Google itself has been attacking video, as is MSN, with a deal this week with Blinkx as well as Yahoo and AOL, and with all their existing traffic, it made more sense that one of those would have had the success that YouTube had. But as in so many of these cases, it is the newcomer that manages to get to grips with the passion that the man in the street has for video.

Google no doubt will extract as much revenue from YouTube as it is possible to extract, but there have to be question marks over whether or not YouTube will ever repay the $1.65bn that Google this week agreed to pay for the company.

The acquisition of MySpace by New Corp, for a measly $580m, puts this in perspective and what we have here is a heating up of the valuable properties in the market, in a very similar way to the dotcom era, when companies that had never made a penny of profit, and had only just begun to have revenues, however minor, were sold for a multiple of the number of people that visited their web sites.

We have said time and time again that there is something not quite right about services like Google Video, or AOL’s Truveo (which is at least the most technically accomplished video search engine), and also about Blinkx, which is perhaps the best known search engine, and of course YouTube.

While they offer novelty, and low quality, but original, user generated content, until this week they never offered the type of material that elicits a long term engagement with viewers that professional TV consistently does. People will sit watching YouTube for a couple of hours sat at their PC in the evening, but mostly those people are not typical and won’t do it for the remainder of their lives, just for a few months until the novelty wears off.

Harvesting e-potatoes

Sure, there are enough people on the planet that the proportion that continue to visit YouTube will provide Google with advertising targets for a long time to come, but YouTube is not the finished article and it has to continue to re-invent itself if it hopes to become so. By this we mean that it must engage people on a semi-permanent basis.

One major stumbling block is the lack of professional content that is available on YouTube and the other is the lack of a comfortable way of viewing such content.

This week YouTube has gone some way to rectifying the first problem by cutting deals with Universal Music, Sony BMG and CBS. That will bring it professional music videos, and it said quite recently that it wants to hold every music video ever made. The CBS TV deal through Showtime Networks will also offer the YouTube community short-form video programming from its news, sports and entertainment divisions.

But that’s our point. These are all short form deals, the type that people can watch between jobs at work, and at home when they are sat at the PC. There are not TV class 30 minute plus entertainments, that require connectivity between the TV and the PC, such as that promised in the first quarter of next year by Apple Computer.

Try the search interface at any of the above companies and see how long it holds your interest. The visitor has to come up with the search terms, has to have a reason to be there, unless he or she wants to watch "favorites" of other visitors that they don’t know, and who may have hugely different tastes from them.

We’re not saying that YouTube cannot continue to evolve to become a mature video market place where all types of video are watched, in both the comfort of the sitting room, or with the flexibility of being sat at a PC, but there are still hurdles to overcome and if the YouTube management spend more time counting their $1.65 billion than working on breakthrough new ideas, then the phenomena that introduced us all to user contributed video, could just be frittered away, along with Google’s money.
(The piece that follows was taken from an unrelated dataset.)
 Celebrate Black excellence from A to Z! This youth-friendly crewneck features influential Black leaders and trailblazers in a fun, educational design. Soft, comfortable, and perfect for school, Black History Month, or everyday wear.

Given the revenue share that CBS and the other content partners are happy with, and the fact that they have all signed similar deals already with Google, then many more TV series should find their way onto YouTube in the near future, as soon as viewing figures for these deals become stable.
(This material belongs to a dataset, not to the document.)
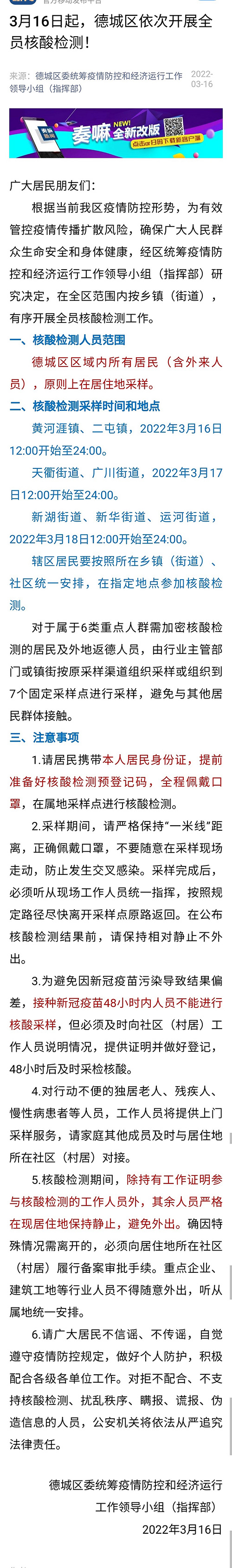 山東淄博全區進行全員居家核酸檢測已經三天。據悉,山東招遠市全市範圍原定持續五輪的核酸檢測大部份已進行到兩輪,在今晨凌晨(三月十六日)緊急叫停,原因不明。而德州市德城區官方沒有報導有感染病例,但是三月十六日起,全員進行核酸檢測。

These deals have only been made possible by new technology announced by YouTube a few weeks ago, that will filter out copyrighted content which is not authorized to appear on the YouTube service.

That made a big difference between the P2P networks of music piracy fame, and the attitude of YouTube, and so has led to a viable business model. That solved, the company became marketable, and the bidding only took a few days.

Following the acquisition, YouTube will operate independently from Google, although Google will add its technology, advertiser relationships and global reach to the YouTube pie.

The deal is thrown into perspective by a report from In-Stat, a US researcher, that said that the User Generated Content market would only hit $850 million in value by 2010. If I were one of the Google managers that signed the YouTube deal, I would hope it would be an awful lot more than that at YouTube alone.